Если, лежа, смотреть на свои ступни, то через растопыренные пальцы на ногах открывается вид на море. Море то появляется, то исчезает, и вместо него – мой палец. Но вдруг вид на море пропадает – его перекрывает Федька. Федьке девять, и он роет передо мною яму. Такую, чтобы поглубже и пошире. Бегает к морю, наливает в ведерко воды и выливает в свой бассейн. Этим Федька занимается уже два часа, и проходящие мимо опасливо в эту яму поглядывают.

Федька знает, как я люблю море, и поэтому делает еще одно море специально для меня – маленькое, компактное и чтобы далеко ходить не надо было.

– Федька, тебе не надоело? – спросила я.

– Молчи, женщина, – в сотый раз за сегодня повторил Федька услышанную где-то фразу. – Твой день – восьмое марта.

– Угу-угу, – подтвердила Сашка.

Сашка – это моя лучшая подруга. Она везде со мной. Если спрятаться в колодец или забраться на крышу, она и там меня найдет. Но я не против, пусть находит.
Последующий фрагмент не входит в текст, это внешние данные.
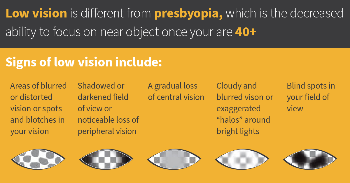 Low vision is not the same as blindness, since limited sight remains. It is also different from “presbyopia,” which is the decreasing ability to focus on near objects that tends to happen naturally as one ages after forty.

С речью у Сашки все нормально, просто она лопает персики и нектарины и никак не может оторваться.

– Тин, будешь нектаринчик? – заботливо предложила Сашка.

Я поворачиваюсь в ее сторону. Сашка протягивает мне последний нектарин и смотрит на меня жалостливо и одновременно гипнотизируя: «Откажись, откажись, это последний нектарин… Будет лучше, если его слопает Сашка, Сашке нектарин вкуснее, Сашке нектарин полезнее… В твоей жизни еще будут нектарины, но этот надо отдать»…

Я отмахнулась:

– Нет, спасибо, не хочется.

Сашка радостно пожала плечами:

– Ну, как знаешь. Я два раза предлагать не буду, – и, не дожидаясь моего ответа, откусила чуть ли не половину нектарина. Давясь, быстро его доела, чтобы я не передумала.

– Вкусный нектарин, зря отказалась, – произнесла Сашка, обгрызая косточку.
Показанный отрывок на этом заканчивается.